Question for written answer E-003511-18
to the Commission
Rule 130
Mireille D'Ornano (EFDD)

The formula for Levothyrox, which is used to treat hypothyroidism, was changed in France in 2017. This triggered a wave of side effects: fatigue, headaches, insomnia, vertigo, joint and muscle pain and hair loss.

According to the national authorities, out of 3 million users, 500 000 abandoned this drug at the end of 2017, including 1 200 who filed a complaint against the manufacturer, Merck.
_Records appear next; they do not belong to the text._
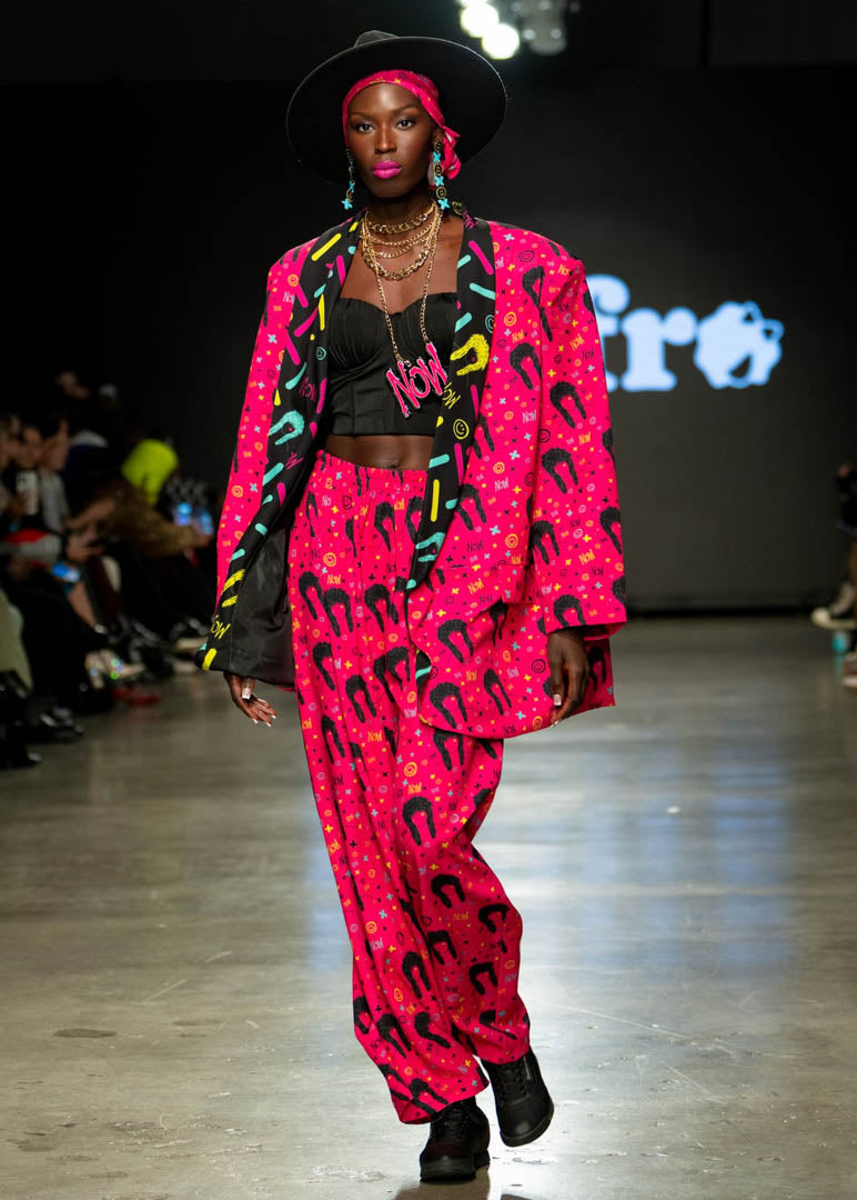 American: XL shoulder pads. Loose fit with yellow inner lining. Long black lapel and false pockets.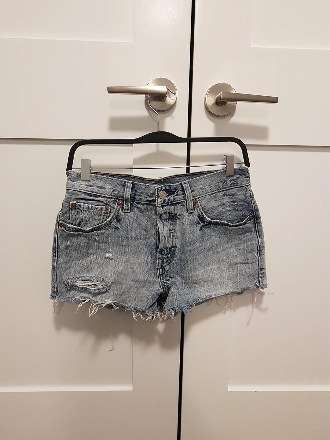 Selling these Levi's denim shorts. They are in perfect condition with no flaws or damage and has barely been worn. They are a size 26 and fits like a 2 - 4.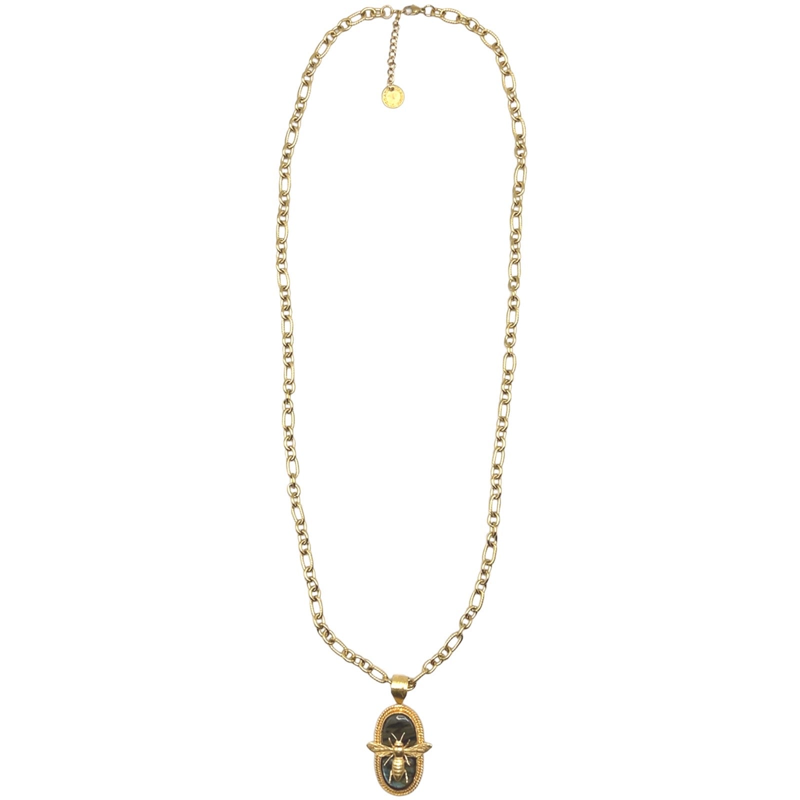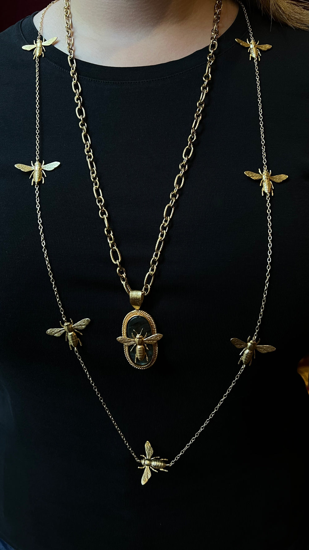 Long guilloché chain necklace with a rainbow labradorite “Bee” pendant.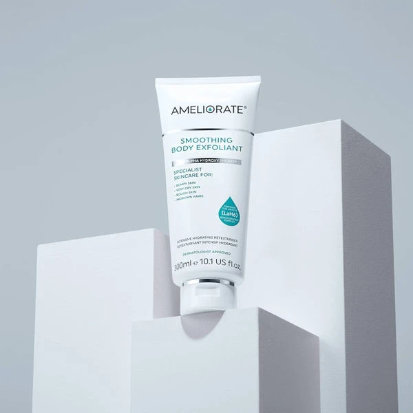 The AMELIORATE Smoothing Body Exfoliant is designed to reveal even, radiant-looking skin.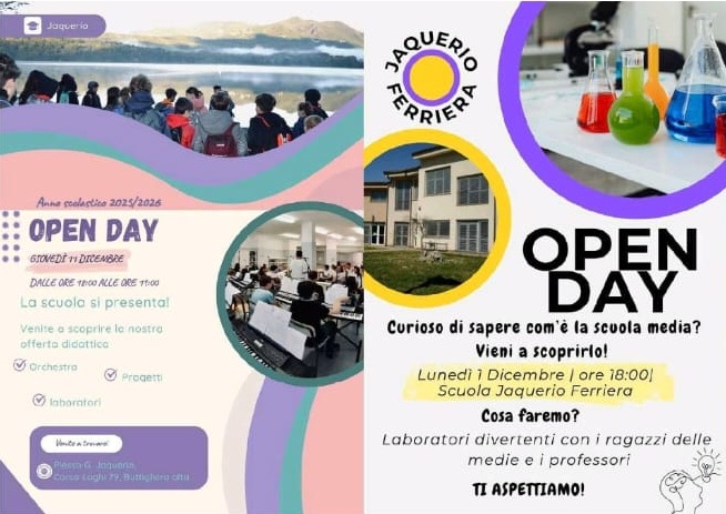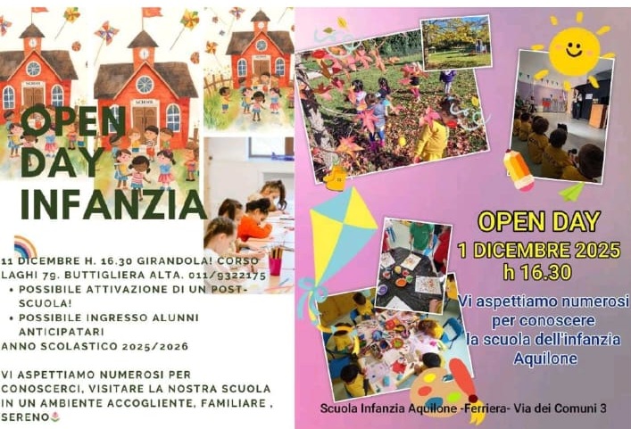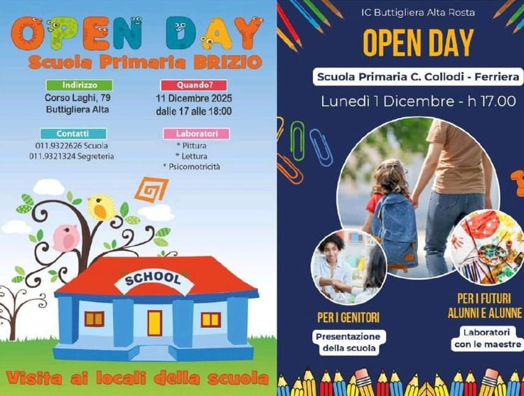 Si comunicano le date degli Open Day delle scuole dell'infanzia, primarie e secondarie di primo grado delle sezioni buttiglieresi dell'Istituto Comprensivo Buttigliera Alta Rosta.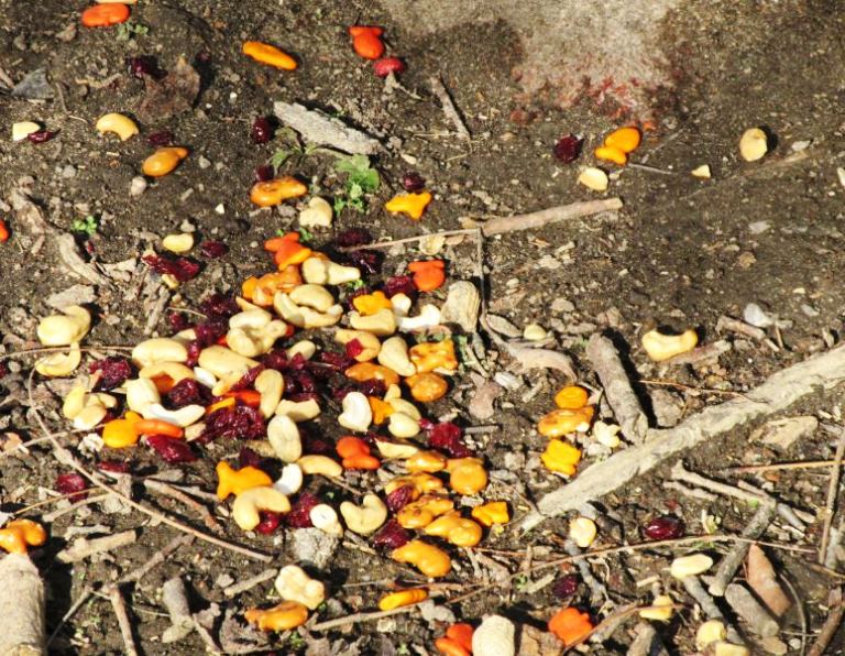 You are wonderful! Homemade trail mix for the wildlife, complete with whole cashews! And, to be so thoughtful, and so prepared, and so creative. I just love your dedication and heart for this project. There is an answer, and you will find it. Keep posting your progress, I’m hooked on this saga! 🙂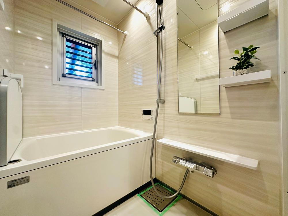 ホワイトのパネルで囲まれた清潔感のあるバスルーム。浴室乾燥機搭載で雨の日の洗濯もらくらくです。冬場は入浴前に浴室内を温めておくと寒い時間がなく快適です♪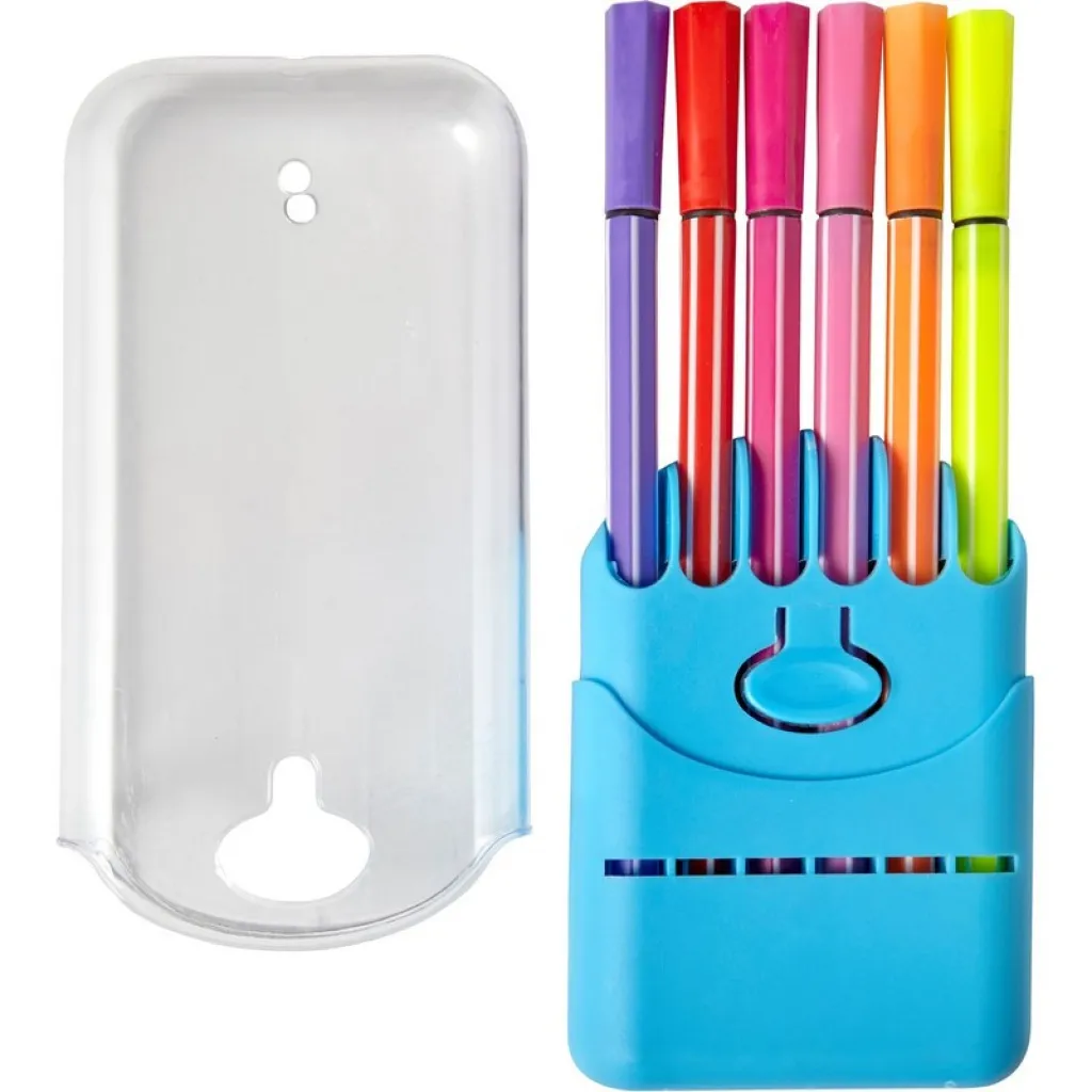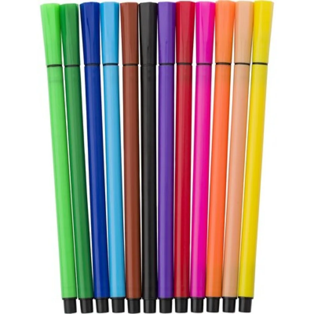 Set od 12 flomastera u prozirnoj kutijici.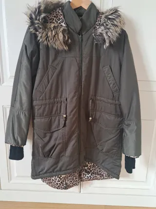 parka verde y pelo leopardo en el interior. Es muy calienta. se le quita el forro de dentro con lo que sirve para primavera e invierno. En el bolsillo lateral del brazo le falta una pegatina (de las de pegar con plancha)que quite porque no me gustaba. Se puede poner lo que se kiera. Talla Xs pero yo uso una S. ajustable en cintura.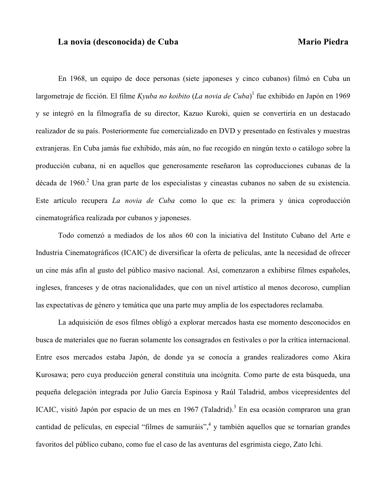 Mario Piedra es profesor de cine y coordinador del Comité Asesor del Grupo de Estudios Japoneses, en la Facultad de Artes y Letras de la Universidad de La Habana. El Grupo se constituyó como un proyecto académico para apoyar y promover el estudio de la cultura japonesa en/desde Cuba. Su investigación sobre el filme La novia de Cuba formó parte del documental de Marian García Alán, La novia de Akira, el cual recibió el apoyo de la Fundación Japón.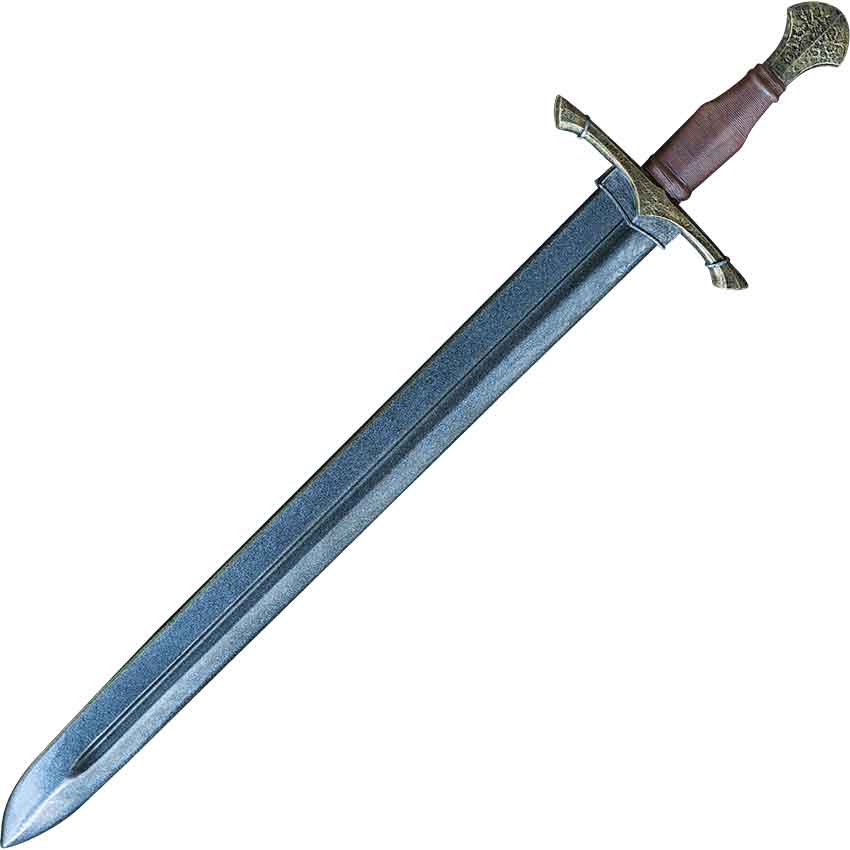 Become the Elven guardian of the woodland, or lead fellow adventurers through a cursed forest in the guise of a huntsman. Whatever path you choose, the LARP Ranger Sword lends you strength when battling within an enchanted realm. Crafted from closed cell foam around a solid fiberglass core and finished with a strong latex coating, the double-edged blade withstands the common stresses of LARP warfare. A fuller lightens its weight while strengthening its design. Hand painted detail enhances the realistic appearance of the polyurethane handle. An antiqued golden finish covers the cruciform hilt, and a sculpted leather-like wrap strengthens the grip.
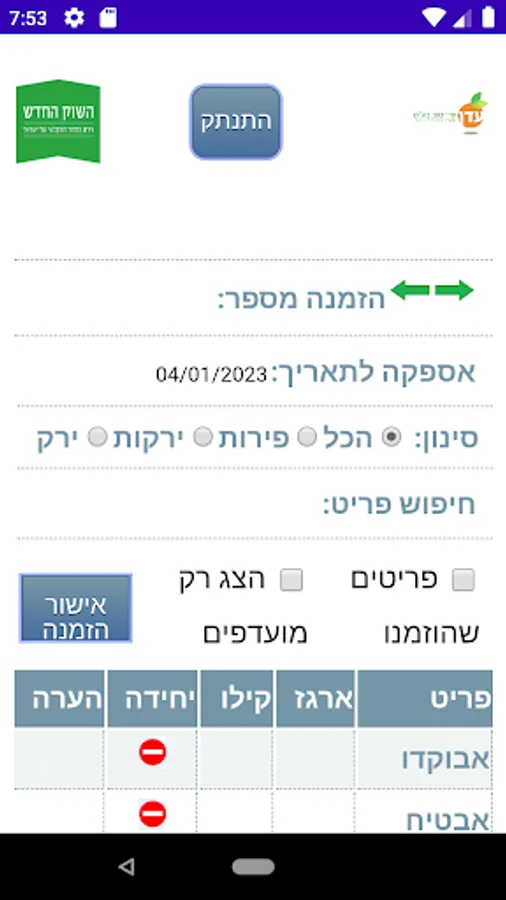 bar. Eden Peri Tov Ltd. - an application for orders for customers of B.R. Eden Peri Tov Ltd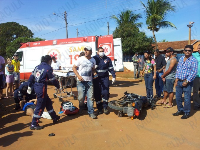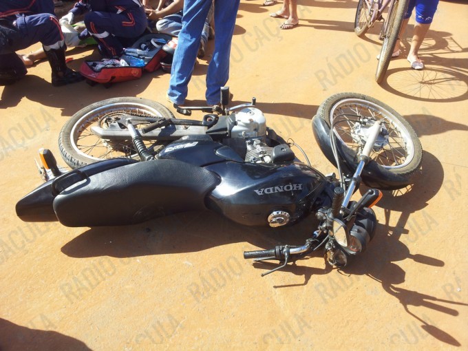 Os Policiais Militares foram acionados via Copom (Centro de Operações da Polícia Militar) neste domingo (13), por volta das 10h45min da manhã, para atender a uma ocorrência de acidente de trânsito, na Rua Manoel de Faria Duque, bairro Jardim das Violetas, a ocorrência envolveu um carro e uma motocicleta.

Analyses carried out abroad, at the request of the French Association of Thyroid Patients (AFMT), apparently show that ‘the content of levothyroxine, the only hormonally useful component of the drug, is very significantly lower than the specifications in force.’

Furthermore, the Association ‘notes (…) the very abnormal presence of dextrothyroxine’, another molecule, formerly used to treat cholesterol, ‘which could explain the very atypical values seen in many patients/victims’. The results are troubling but have been dismissed by the manufacturer as well as by the French Medicines Agency (ANSM: National Agency for the Safety of Medicines and Health Products).

In the context of its pharmacovigilance competences, does the Commission, through the European Medicines Agency, have any information on suspected side effects related to the new formula and possible anomalies in the composition of this medicinal product?